‘Classical Philosophy: Collected Papers, Volume 3: Plato’s Ethics’ edited by Terence Irwin

Published by Garland Publishing in 1995.


This exceptional book examines and explains Plato’s answer to the normative question, “How ought we to live?” It discusses Plato’s conception of the virtues; his views about the connection between the virtues and happiness; and the account of reason, desire, and motivation that underlies his arguments about the virtues. Plato’s answer to the epistemological question, “How can we know how we ought to live?” is also discussed. His views on knowledge, belief, and inquiry, and his theory of Forms, are examined, insofar as they are relevant to his ethical view.

Terence Irwin traces the development of Plato’s moral philosophy, from the Socratic dialogues to its fullest exposition in the Republic. Plato’s Ethics discusses Plato’s reasons for abandoning or modifying some aspects of Socratic ethics, and for believing that he preserves Socrates’ essential insights. A brief and selective discussion of the Statesmen, Philebus, and Laws is included. Replacing Irwin’s earlier Plato’s Moral Theory (Oxford, 1977), this book gives a clearer and fuller account of the main questions and discusses some recent controversies in the interpretation of Plato’s ethics. It does not presuppose any knowledge of Greek or any extensive knowledge of Plato.

Table of Contents

The Unity of Plato’s Thought: Ethics by Paul Shorey

Plato’s Republic: The Argument with Thrasymachus by H. W. B. Joseph
Glaucon’s Challenge by Christopher A. Kirwan
Plato’s Utilitarianism by Henry Sidgwick and John Grote
The Classification of Goods in Plato’s Republic by Nicholas White

Plato’s Theory of Human Motivation by John M. Cooper
Plato’s Division of the Soul by Michael Woods
Plato and Davidson: Parts of the Soul and Weakness of the Will by Terrence M. Penner

Plato and Common Morality by Julia Annas
Reason and Justice in Plato’s Republic by Richard Kraut
The Psychology of Justice in Plato by John M. Cooper
Some Implications of a Passage in Plato’s Republic by M. B. Foster
The Rulers’ Choice by Nicholas White
Egoism, Love, and Political Office in Plato by Richard Kraut
The Good of Others in Plato’s Republic by Sarah Waterlow

The Theory of Social Justice in the Polis in Plato’s Republic by Gregory Vlastos
Was Plato a Feminist? by Gregory Vlastos

Plato’s Theory of Human Good in the Philebus by John M. Cooper
The Demiurge in Politics: The Timaeus and the Laws by Glenn R. Morrow
The Socratic Paradoxes in Plato’s Laws by Trevor J. Saunders
Plato on the Causes of Wrongdoing in the Laws by Jean Roberts

Terence Irwin is a scholar and philosopher specializing in ancient Greek philosophy and the history of ethics (i.e. the history of Western moral philosophy in ancient, medieval, and modern times).

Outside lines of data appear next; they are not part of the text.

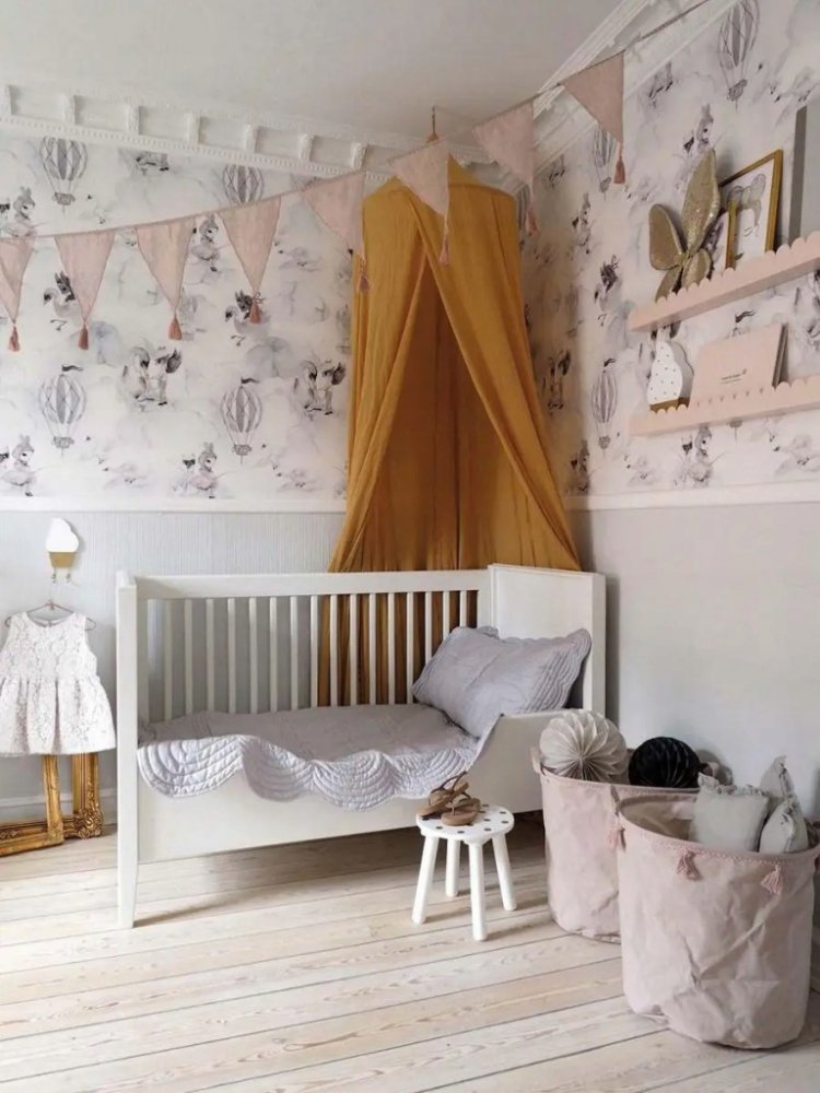 Nádherný baldachýn, se kterým můžete vytvořit s pomocí polštářů uvnitř kouzelný dětský či čtenářský koutek nebo zútulnit dětskou postel. Tento dekorativní detail dává dětskému pokoji luxusní pocit. Textilie, je mírně průhledná.
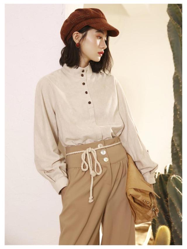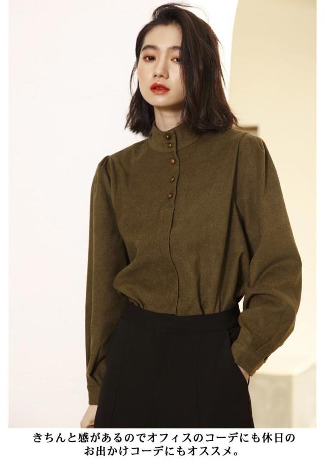 送料無料 シャツ ブラウス スタンドカラー ボリューム袖 ボリュームスリーブ 長袖 オフィス レディース ハイネック トップス おしゃれ 春夏 秋冬 きれいめ ハンドカラー 立ち襟 シンプル フォーマル 大人 通勤
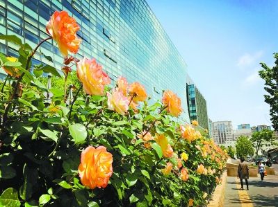 東長安街一座大廈前數(shù)百株樹狀月季競相綻放,為街道平添幾分嬌艷。本報記者 方非攝
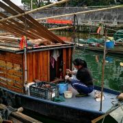 5分 超棒水上人家我是看过很多很多,走上去也好多好多,文莱,菲律宾,泰国,沙巴。。。数不过来了,但是,中国的水上人家我还从来没有见识过,最多可以远观一下,今天,我亲身在河源的新丰江上,细细走遍了这个水上人家,主人非常友善,允许我慢慢在他家里晃悠拍照。人家是几条长板搭起来的,通到岸边,然后围着这些板的两边,排列了很多大大小小的船,构成了主人家的卧室厨房,工具房,还有随时可以出动的大小渔船,等等等等,而且居然有厕所,还有条长的跟浣熊一样的狗,厕所当然还是排到江中,但比旱厕要高级多了。
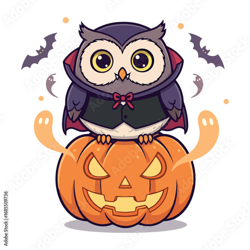 Kawaii Halloween owl character with cape and bow tie perched on carved pumpkin bats flying around illustration
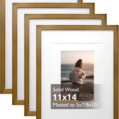 KINLINK 28×36 Picture Frames Brown – Wood Frames with Acrylic Plexiglass for Pictures 13×18/20×25 with Mat or 28×36 without Mat, Tabletop and Wall Mounting Display, Set of 4

Since 2007, he has been the Professor of Ancient Philosophy at the University of Oxford, and Fellow of Keble College, Oxford. From 1975 until 2007, he was at Cornell University, where he has been Susan Linn Sage Professor of Philosophy and Humane Letters (from 1995), Professor of Classics (from 1992), and Professor of Philosophy (from 1982). Previously, he was Assistant Professor of Philosophy at Harvard University (1972-1975). He is a member of the American Academy of Arts and Sciences.